Taipei, April 5 (CNA) Taiwanese textile and furniture companies that have large production bases in Southeast Asia have expressed concerns about their ability to navigate the risks caused by the latest round tariffs imposed by the United States on countries worldwide.

Eclat Textile Co., a Taiwanese supplier to major international sportwear brands like Nike, Lululemon and Under Armour, said Thursday that 60 percent of its garment sales come from the U.S. market.

In an interview with CNA, the textile supplier said 60 percent of its total production is in Vietnam, 27 percent in Indonesia, and 10 percent in Cambodia, which means it is now facing increasing risks.

U.S. President Donald Trump on Wednesday announced what he called reciprocal tariffs on countries worldwide, ranging from 10 percent to more than 40 percent, with effect from April 9.

On Trump’s list, a 32 percent tariff was imposed on Taiwan, 34 percent on China, 49 percent on Cambodia, 46 percent on Vietnam, 36 percent on Thailand, and 32 percent on Indonesia.

According to Eclat, even with its diversified production bases, it cannot escape the fallout of the new tariffs.

Eclat said it will work closely with its suppliers to improve production efficiency, so as to cap costs, and will set up strategic partnerships with its clients as means of weathering the turbulence caused by Trump’s policies.

While some Taiwanese companies are considering investing in the U.S. market to avoid the tariffs, Eclat said it will be difficult for the textile industry to expand its production to the U.S. in light of the high labor costs and shortage of suppliers in the textile industry.

Meanwhile, Makalot Industrial Co., which manufactures garments such as pants, underwear and sleepwear, also said it is worried about the financial impact of Trump’s tariffs on Southeast Asian countries.

The U.S. accounts for more than 70 percent of Makalot’s total sales revenue, while 41 percent of its total production is based in Indonesia, 37 percent in Vietnam, and 14 percent in Cambodia, the company told CNA.
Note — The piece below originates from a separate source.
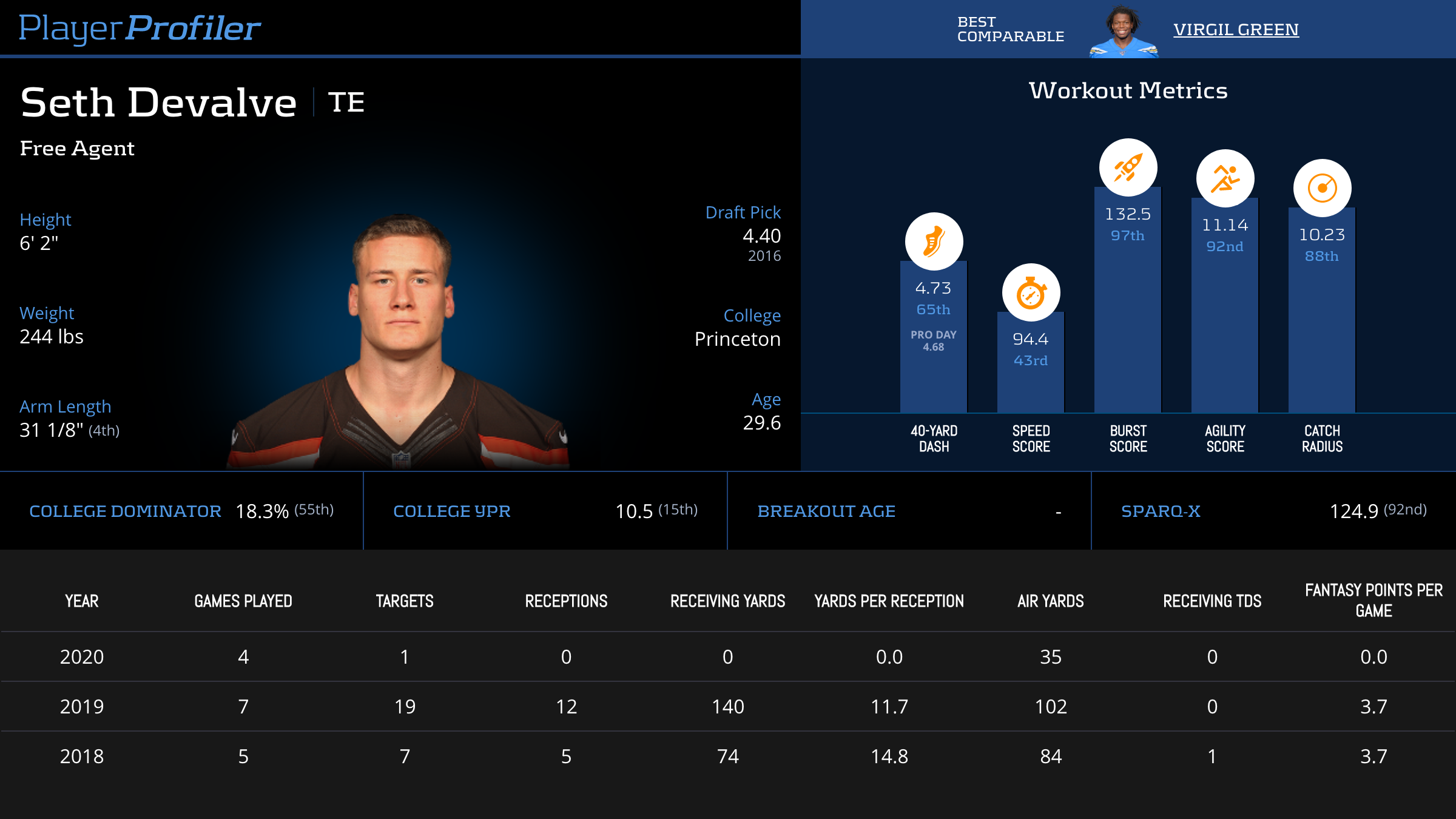 Value Over Stream: Valuation scheme calculates a player's fantasy pts/game over the average waiver wire replacement in standard fantasy league formats during either the current season (or previous year during the offseason) and adjusts for positional bust rates. VOS rank in parenthesis spans all positions, enabling player comparisons across QB's, RB's, WR's, and TE's.

Makalot said it will hold international meetings next week and engage in discussions with its clients to find ways to share the expected financial burden caused by Trump’s latest tariffs.

Meanwhile, a leading Taiwanese manufacturer of footwear Pou Chen Corp. also told CNA that it will hold discussions with its clients to figure out the best response to the tariffs.

Pou Chen, which is a contract supplier to major international brands such as Nike, Adidas, and New Balance, has 53 percent of its production in Indonesia and more than 30 percent in Vietnam, according to market estimates.

Apart from textile companies, other Taiwanese firms are also bracing for the impact of the U.S. tariffs, including furniture manufacturers Shane Global Holding Inc. and Nien Made Enterprise Co.

Shane Global has 64 percent of its production in China and Cambodia, while Nien Made has a total of 80 percent in those two countries, market estimates show.

Several Taiwanese companies in the tech sector also have large production lines in Southeast Asian countries.

On Friday, Taiwan’s top economic planning body the National Development Council (NDC) said it would provide assistance to Taiwanese manufacturers in Southeast Asia that wish to return to Taiwan.

NDC head Liu Chin-ching (劉鏡清) told reporters that the government will optimize Taiwan’s investment environment to help Taiwanese firms improve their global competitive edge.